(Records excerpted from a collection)
-.-.-
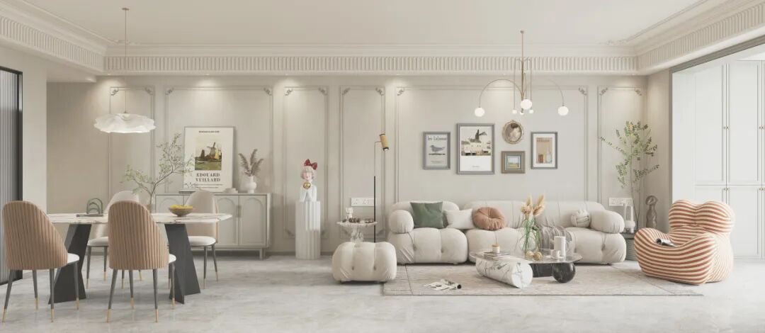 核心要素包括:用低飽和的奶油色系(米白、奶咖、淺杏等)打底,加入優雅的石膏線、浪漫的拱形門洞(氛圍感拉滿),再配上溫潤的材質和恰到好處的光影,構建出兼具優雅與溫度的生活空間。
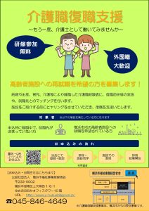 高齢者施設への再就職を希望する方を募集いたします。
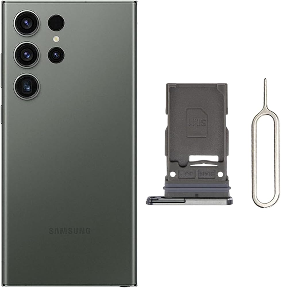 for Samsung Galaxy S23 Ultra Single SIM Card Tray Card Holder Slot Replacement Parts + Open Eject Pin (Green)
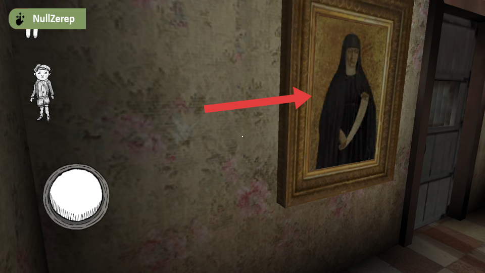 2、游戏中沿走廊移动,遇到神秘画像邪恶修女保持警惕,发现暗门标识时,点击打开互动,留意相关动静。
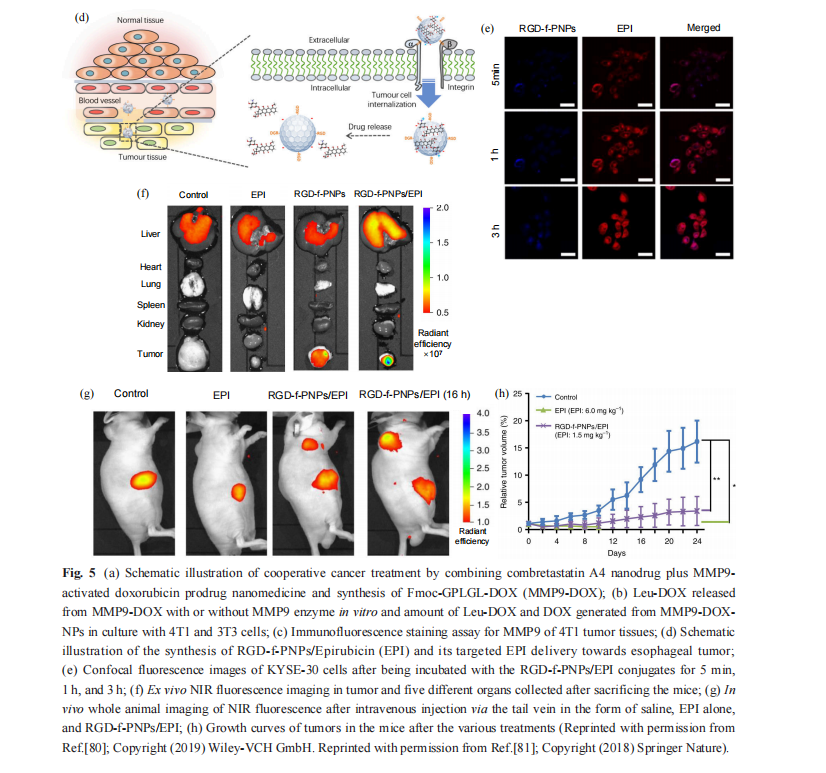 此外,通过赋予多肽/聚氨基酸自组装材料 靶向功能,可有效提高治疗效果并降低化疗药物 的副作用 . Fan 等[81] 设计并合成了一种环八肽 (cyclo(-(D-Ala-L-Glu-D-Ala-L-Trp)2-)) ,其与Zn2+配 位组装形成自荧光环肽纳米粒(f-PNPs). 进一步 修饰具有癌细胞靶向能力的RGD 多肽,使其能 够特异性识别食道癌细胞表面的 αvβ3 整合素,同 时通过 π-π 堆积和电荷吸引作用负载化疗药物表 阿霉素(图5(d)). 随着表阿霉素的逐渐释放,其荧光强度逐渐增强,使得药物在胞内的释放可以在 共聚焦荧光显微镜下实时观测(图5(e)). 此外,动 物实验进一步表明,此自荧光环肽纳米粒作为可 示踪的靶向载药系统可以实现体内肿瘤的特异性 成像(图 5(f))以及药物递送和释放的可视化监测 (图5(g)) ,进而提高了抗癌效率(图5(h)) ,为实时 跟踪病灶区域药物浓度和释放速度提供了新 方法.
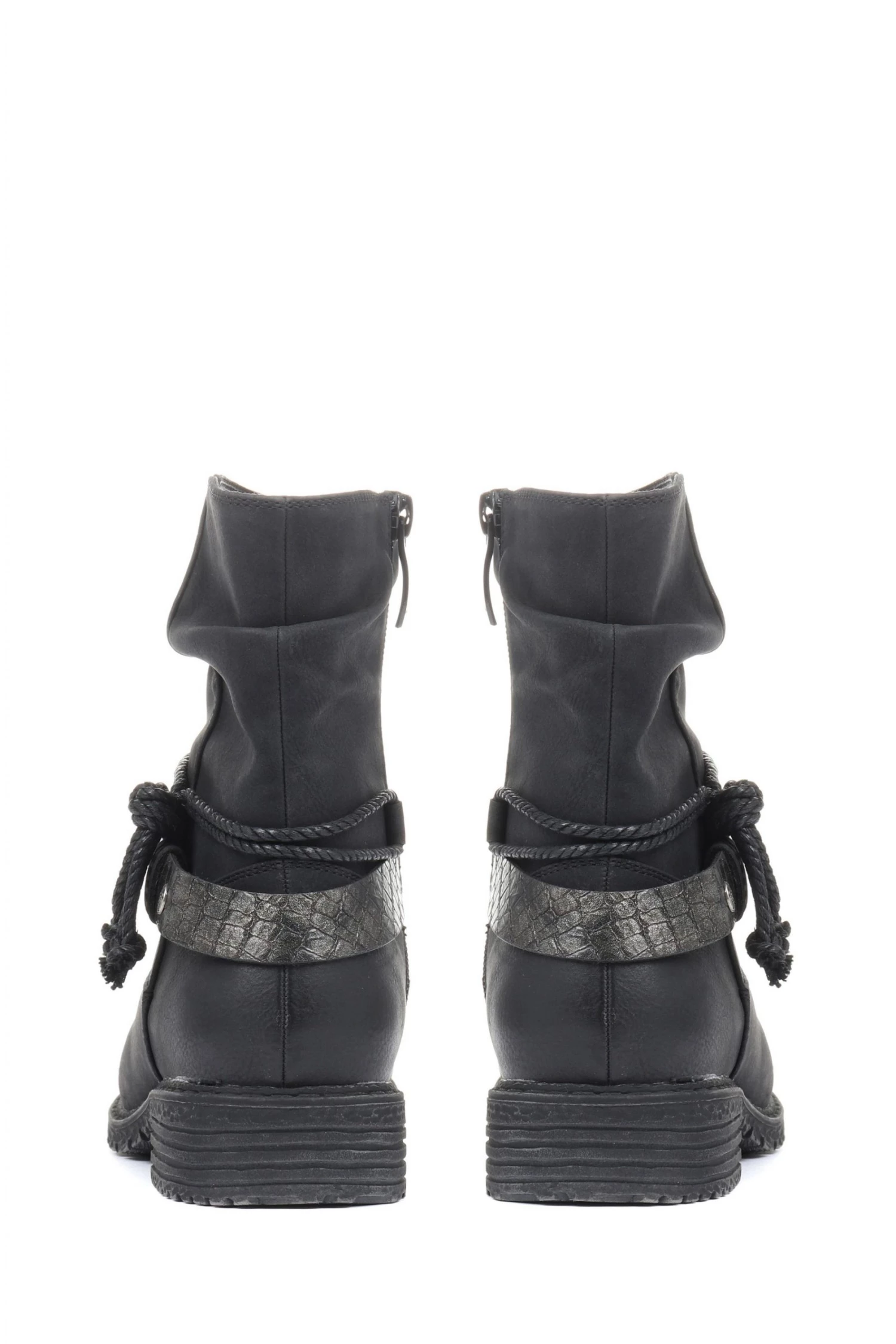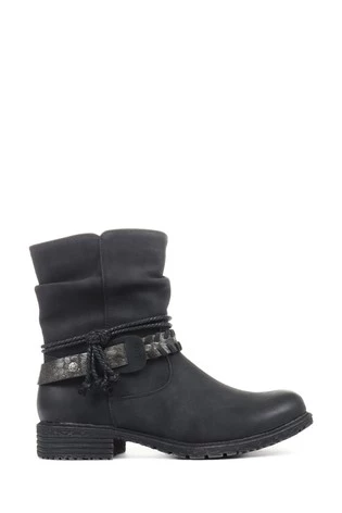 A comfortable boot that will go with everything, our ladies ankle boots will work for busy days and relaxing weekends. Styled with a slouch design, our flat boots are decorated with braided ankle straps. Lightweight in design and lined with super soft fleece lining to keep your feet warm and supported with comfort all season long, complete with full-length side zip fastening and deep-cushioned insole.
-.-.-
**The problem**. Every line above is to be duplicated exactly; no picture should be carried over.

**Final answer**.
 核心要素包括:用低飽和的奶油色系(米白、奶咖、淺杏等)打底,加入優雅的石膏線、浪漫的拱形門洞(氛圍感拉滿),再配上溫潤的材質和恰到好處的光影,構建出兼具優雅與溫度的生活空間。
 高齢者施設への再就職を希望する方を募集いたします。
 for Samsung Galaxy S23 Ultra Single SIM Card Tray Card Holder Slot Replacement Parts + Open Eject Pin (Green)
 2、游戏中沿走廊移动,遇到神秘画像邪恶修女保持警惕,发现暗门标识时,点击打开互动,留意相关动静。
 此外,通过赋予多肽/聚氨基酸自组装材料 靶向功能,可有效提高治疗效果并降低化疗药物 的副作用 . Fan 等[81] 设计并合成了一种环八肽 (cyclo(-(D-Ala-L-Glu-D-Ala-L-Trp)2-)) ,其与Zn2+配 位组装形成自荧光环肽纳米粒(f-PNPs). 进一步 修饰具有癌细胞靶向能力的RGD 多肽,使其能 够特异性识别食道癌细胞表面的 αvβ3 整合素,同 时通过 π-π 堆积和电荷吸引作用负载化疗药物表 阿霉素(图5(d)). 随着表阿霉素的逐渐释放,其荧光强度逐渐增强,使得药物在胞内的释放可以在 共聚焦荧光显微镜下实时观测(图5(e)). 此外,动 物实验进一步表明,此自荧光环肽纳米粒作为可 示踪的靶向载药系统可以实现体内肿瘤的特异性 成像(图 5(f))以及药物递送和释放的可视化监测 (图5(g)) ,进而提高了抗癌效率(图5(h)) ,为实时 跟踪病灶区域药物浓度和释放速度提供了新 方法.
 A comfortable boot that will go with everything, our ladies ankle boots will work for busy days and relaxing weekends. Styled with a slouch design, our flat boots are decorated with braided ankle straps. Lightweight in design and lined with super soft fleece lining to keep your feet warm and supported with comfort all season long, complete with full-length side zip fastening and deep-cushioned insole.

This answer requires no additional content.